Yeah. It’s actually funny in talking with the founders of Turbonomic, we literally started as a startup in Yuri’s garage. They said there was a rack of servers and the neighbors were like, “What’s that noise, Yuri?” “Oh, I’ve got a startup in my garage.” You literally just need a broadband connection, that’s the only infrastructure you need, everything else is available as a service. You’ve kind of … You hit the whole stack there, Randy. I guess the other thing is, if you think about any single one of these things they’re almost all available for free to get started, too. You can really kick the tires on something, you’re not even getting into like multi-year, multi-month commitments. You can pretty much most of these have a developer offering, which is up to a certain number of nodes for free. That’s crazy.

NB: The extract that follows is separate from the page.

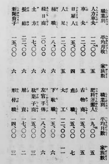 が其の主なるもので、尚、このほか工夫、点灯夫、魚膓商、あさり買い、納豆売等、凡そ七十余種の職業に分類させる。数の上からは車夫が第一位で人夫、日雇い、車力、土方、屑拾いという順序である。又其の女房子供の内職中、その主なるものは次の如くであって、幾分余裕があるかの如く思惟されるけれど、これ等副収入のある処は大抵四人以上の家族を有する向きで、寧ろ一層悲惨の状態に陥っている方だ。而してこれら細民の子は男女共、九歳位になれば何れも工場等へ出かけて行って一家の収入を補っているのである。

How does that feel to you to, like you said, when you started in the industry, if you’re coming out of school now, you could run a startup without even spending a single dollar, really, before you know that you’ve got to spend a little more time and get a couple more people on board. It’s a pretty cool time, right?

It’s a wonderful time. Yeah. Every year for the last five has been the best time to start a startup ever, you know what I mean? Exactly for that reason. Right, yeah you can start for free or as close to free as you can imagine. You could start a startup with a bill of zero or a hundred dollars or something like that. If, and only if, you hit it big, then is when you start paying and frankly that’s when you should start paying, right? Once you’ve kind of sorted out, I’ve got a business model, I’ve got product-market fit, now I’m ready to go and that’s when the bills really come. Yeah, it’s wonderfully empowering.

Yes, how does it feel? It constantly amazes me, to be frank because to remember back, we didn’t have any of this stuff. We didn’t have open source. We didn’t have cloud. We didn’t have all this stuff that’s sort of at our fingertips: Mobile devices, super computers that we carry in our pockets. It’s just an amazing time to be alive and it’s an amazing time to be a technologist, it’s just great.

I think every next thing is as exciting and as rapid on the innovation rate as the previous thing. The players are changing too, which is interesting, like you said, open source, it was Linux. When people said, “Oh, I use open source …” it’s like, “Oh, yeah so you run Linux servers?” No, you could run anything at any layer of your stack. That’s such a huge opportunity throughout, again, like the full stack that you talked about in these different platforms. Some of them obviously are AWS-specific like with RDS and whatnot, but they’re using core primitives that you could then port to another database platform as long as it’s using one standard style of database call, it’s all about the right abstraction.

When you think about the products that you’ve laid out in here, I like how you started with Heroku. How important was platform as a service to be the starting point for you versus building your own basic stack?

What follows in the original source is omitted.